Let me say that I’m not persuaded by all this. In fact, I’m wondering whether there ought not to be a “non-student centered” pedagogy of failure. Why not teach our students failure? Then these students used to student-centeredness might learn they are not the center of all things after all.

Isn’t failure a more reliable fact of life than success? What is the lesson of the Sicilian expedition? To paraphrase Marx, who are these winners who have educated the educators in terms of student centered education geared for success? I would call them losers. Albeit, they are losers with a lot of power who have all sorts of data-driven studies which purport to demonstrate the truth about what it means to be a human being. But they are also losers because they never had a good liberal arts education, and so they don’t even realize that their programs presuppose a vision of the complete human being.
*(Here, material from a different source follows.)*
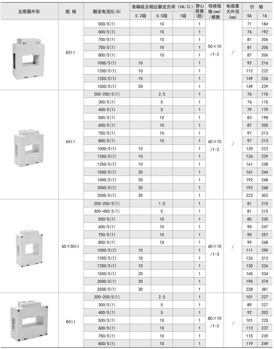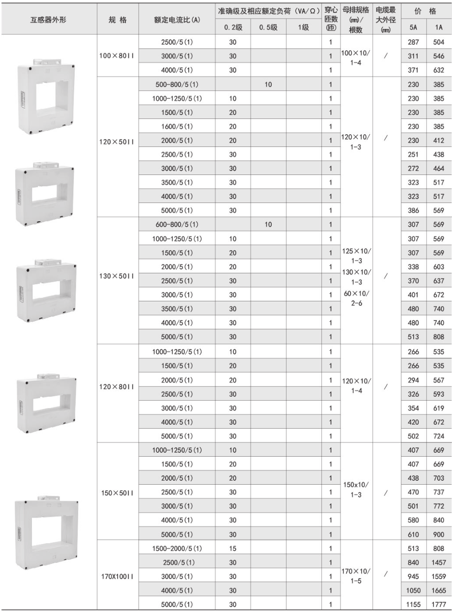 該系列互感器作為交流電流信號采集元件,可與測量儀表配套使用,一次電流測量范圍5-6300A,二次輸出5A或1A,測量范圍為額定值的5-120%。
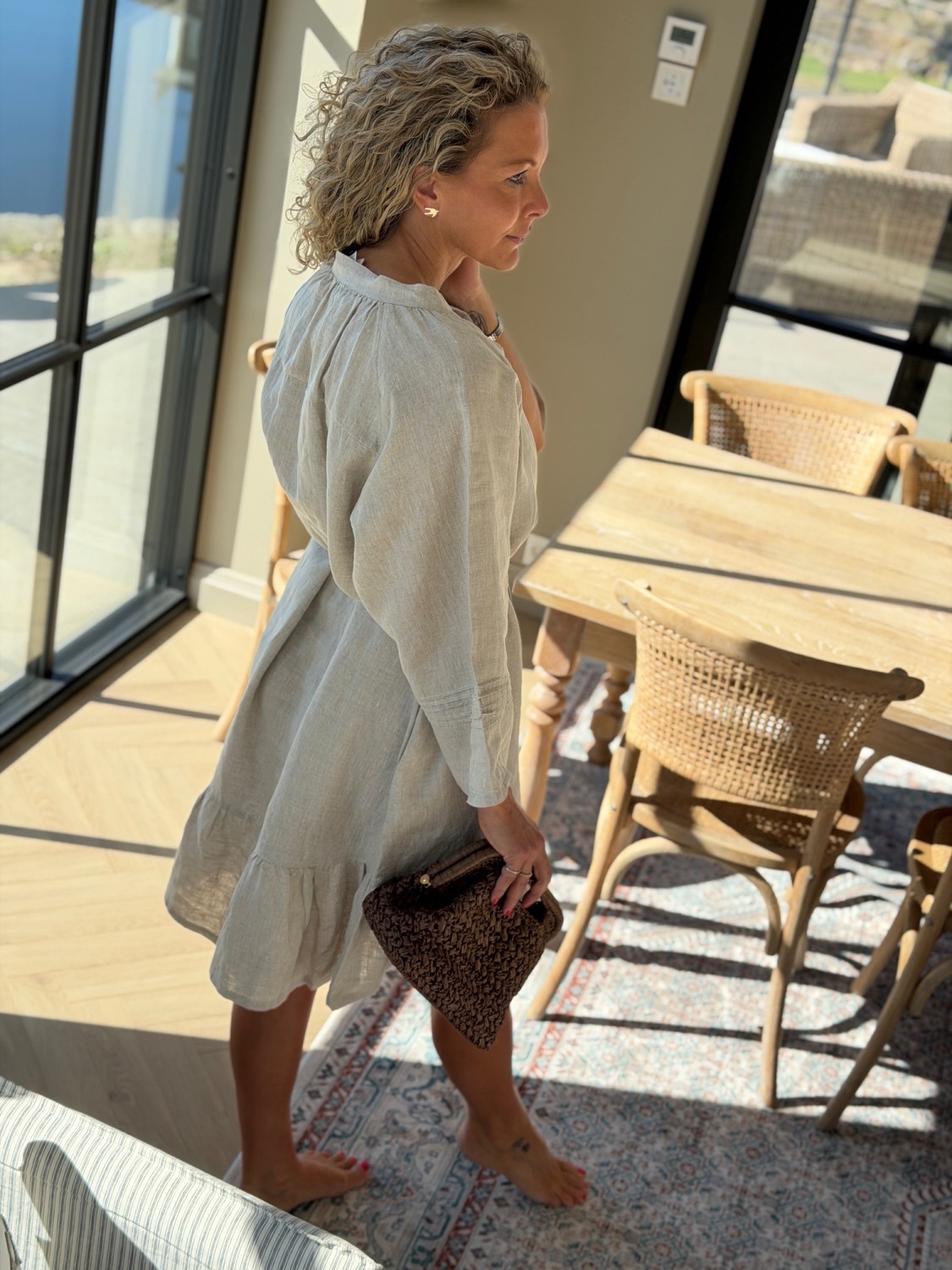 Frusa Dress fra Urban Pioneers er en tidløs og feminin kjole i 100% lin – perfekt for en elegant og komfortabel sommergarderobe. Den naturlige linkvaliteten gjør kjolen lett, pustende og behagelig mot huden.

As an alternative to edu-speak/admin-speak education, I would suggest that a liberal arts education could better provide the needed flexibility and adaptability for today’s society and economy than today’s trendy pedagogy. Moreover, a liberal arts education also keeps a focus on the virtues necessary to sustaining a free society, as well as addressing the more profound questions of what is the good life and what is the good society—and what is man, world, and God and the relations between these things. Educational theory, modern economics, management science, evolutionary psychology, etc., on the other hand, are constitutionally incapable of keeping that focus.

NOW TO PREACH TO THE CONVERTED: An education with a good teacher in the Bible, Plato, Aristotle, Thucydides, Augustine, Dante, Machiavelli, Shakespeare, Hobbes, the Federalist, Kant, Nietzsche, etc.—experienced and carried out in a “social environment” which encourages far-going questioning, but which also upholds the good kind of moral education that people used to learn from their parents—could provide an alternative to the harried emphasis that teachers and students currently have on success. Here they could even learn that virtue doesn’t guarantee success, or that vice sometimes wins in this world.

You might say that this is an education bound to fail. It is for losers. But to borrow the ironic trope, sometimes losers are winners—sometimes failures succeed. That said, it is probably not possible today.

Do we currently live under tyranny? It is an interesting question. No?